The Washington Post reporters explained the consequences of leveraged-buyout artists running homes for the most vulnerable in society:

 

“The lack of care had devastating consequences. One man had been dosed with so many opioids that he had to be rushed to a hospital, according to the inspection reports. During an undersupervised bus trip to church — one staff member was escorting six patients who could not walk without help — a resident flipped backward on a wheelchair ramp and suffered a brain hemorrhage.

 

“When a nurse’s aide who should have had a helper was trying to lift a paraplegic woman, the woman fell and fractured her hip, her head landing on the floor beneath her roommate’s bed.”

 

In January 2018, another asset-stripped company that was owned by Carlyle Group, Philadelphia Energy Solutions (PES), filed bankruptcy. Reuters explained what happened this way: “The Carlyle-led consortium collected at least $594 million in cash distributions from PES before it collapsed, according to a Reuters review of bankruptcy filings.

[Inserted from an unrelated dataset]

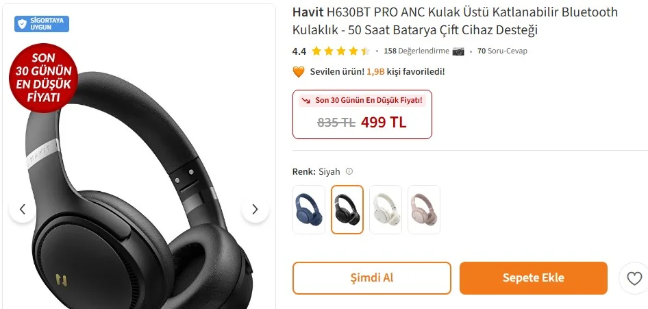 ❌İndirim Bitti! Havit H630Bt Pro Anc Kulak Üstü Katlanabilir Bluetooth Kulaklık 499TL

Carlyle paid $175 million in 2012 for its two-thirds stake in the refiner. More than half the distributions to the Carlyle-led investors were financed by loans against PES assets that the refiner now can’t pay back, the filings show.”

 

Hawaiian Telcom was launched in 2005 from assets Carlyle acquired from Verizon. Carlyle had no experience running a telephone company. Carlyle loaded it up with debt and the company filed bankruptcy less than four years later in 2008.

 

More bankruptcies and job losses are piling up as a result of the business model at Carlyle. In December of last year, Carlyle filed a prepackaged bankruptcy plan for Acosta Inc., a sales and marketing firm that it had bought for $4.75 billion in 2014. The bankruptcy deal called for Acosta’s major creditors to accept equity in exchange for extinguishing approximately $3 billion in debt. In April of this year, Apex Parks Group, with a substantial ownership interest held by Carlyle Group, filed bankruptcy. The company operates amusement parks and water parks across the U.S.

 

Many Americans will recall that the iconic Wall Street investment bank, Bear Stearns, collapsed on March 16, 2008 under the weight of toxic bets gone awry. But few Americans are likely to remember that three days before the demise of Bear Stearns, an insanely leveraged creation of Carlyle Group, Carlyle Capital Corp., also collapsed and was liquidated.